On Apr 18, 2008, yotedog from Raleigh, NC wrote:

The caterpillars come out approximately mid-April in my zone 7b garden, and are quite destructive. My child loves them, and can easily find 20 or so at a time at their peak...their favorite garden plants include roses (especially buds), lettuce, fruit tree leaves/flowers and pretty much anything else that's coming up! Not fond of iris or other thick-skinned leaves.

Negative

On May 15, 2007, onewish1 from Denville, NJ (Zone 6b) wrote:

I just learned how destructive these little buggers are... but I was fascinated how the little hole in the top of the tent was the entrance and the caterpillars must have been tending to the larva inside and you can see how each layer they pass through to get to the lower levels.... caterpillar condo!

Negative

On Jan 25, 2007, DiOhio from Corning, OH (Zone 6a) wrote:

Like stated above, the larva to this moth is a serious defoliating pest.

Host Plants: Many trees and shrubs, especially apple, cherry trees, flowering crabapples and other members of the rose family.

Negative

On Aug 5, 2006, duckmother from North Little Rock, AR (Zone 7b) wrote:

We have two black cherry trees and both had bad bug tents this spring.
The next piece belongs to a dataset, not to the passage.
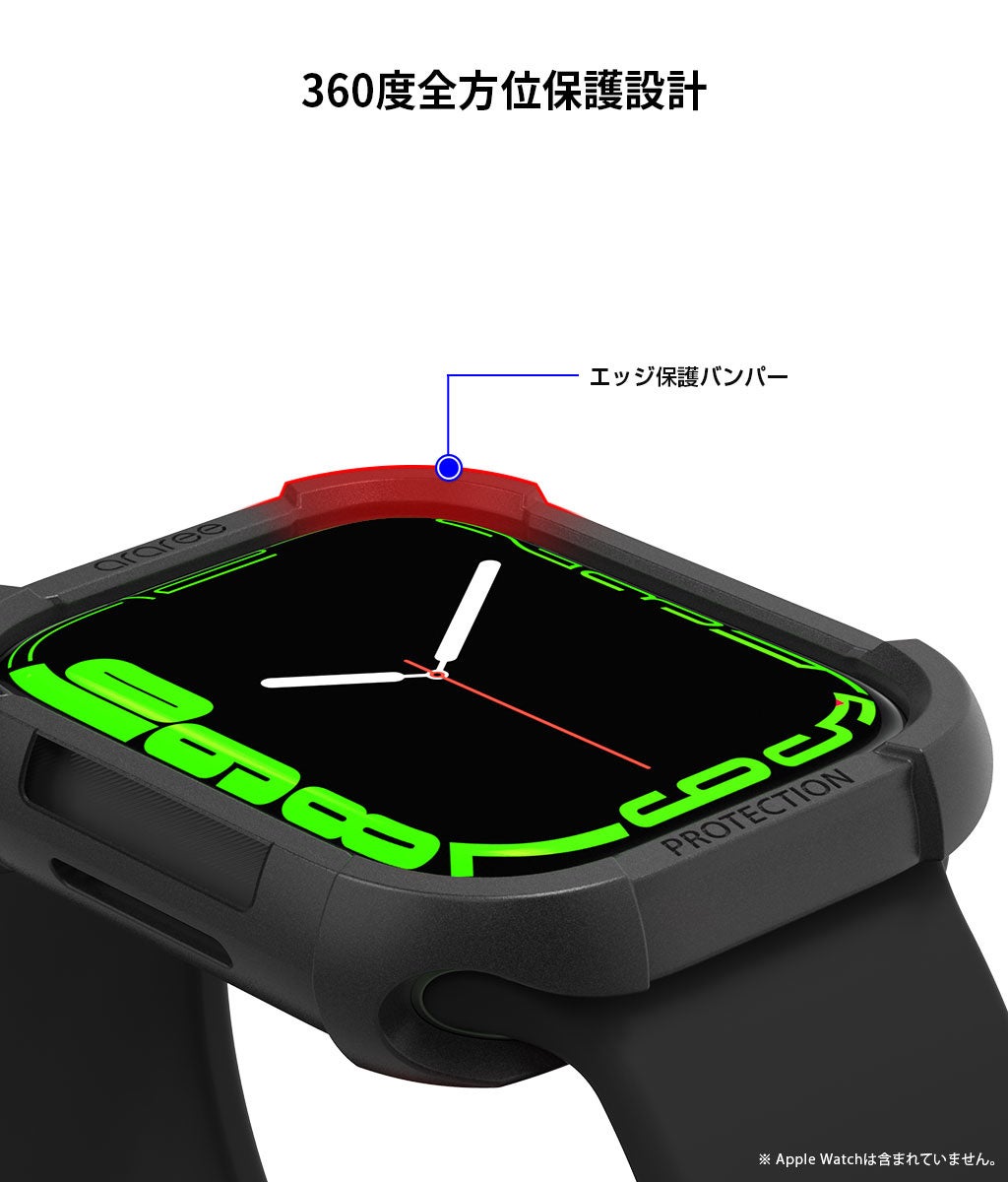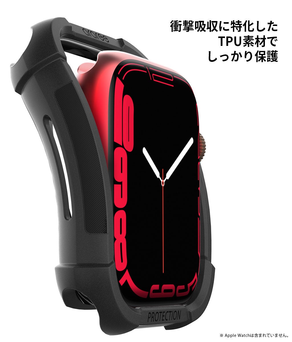 本製品は、衝撃吸収性の高いTPU素材を使用し、360度全方向保護設計であらゆる衝撃から保護するAppleWatch専用ケースです。

They were too high in the tree to torch but when they came down the tree...lookout. We had hoped that our ducks would eat them but they did not like the caterpillars either. So, we found other means...mostly a shoe!

Negative

On Aug 2, 2006, melody from Benton, KY (Zone 7a) wrote:

The caterpillars are the destructive part of the life cycle in this species. The small brown moths do not have functional mouth parts...living only to breed.

They deposit their eggs in fruit or nut trees, and the caterpillars live in a communal web or tent...emerging in the day to methodically strip foliage from the host tree, returning at dark to the safety of the silken web.

They are destructive enough to actually kill the tree. I take a butane torch to any I find in my trees...makes quick work of them, and I've not used any chemicals that would endanger good bugs or birds.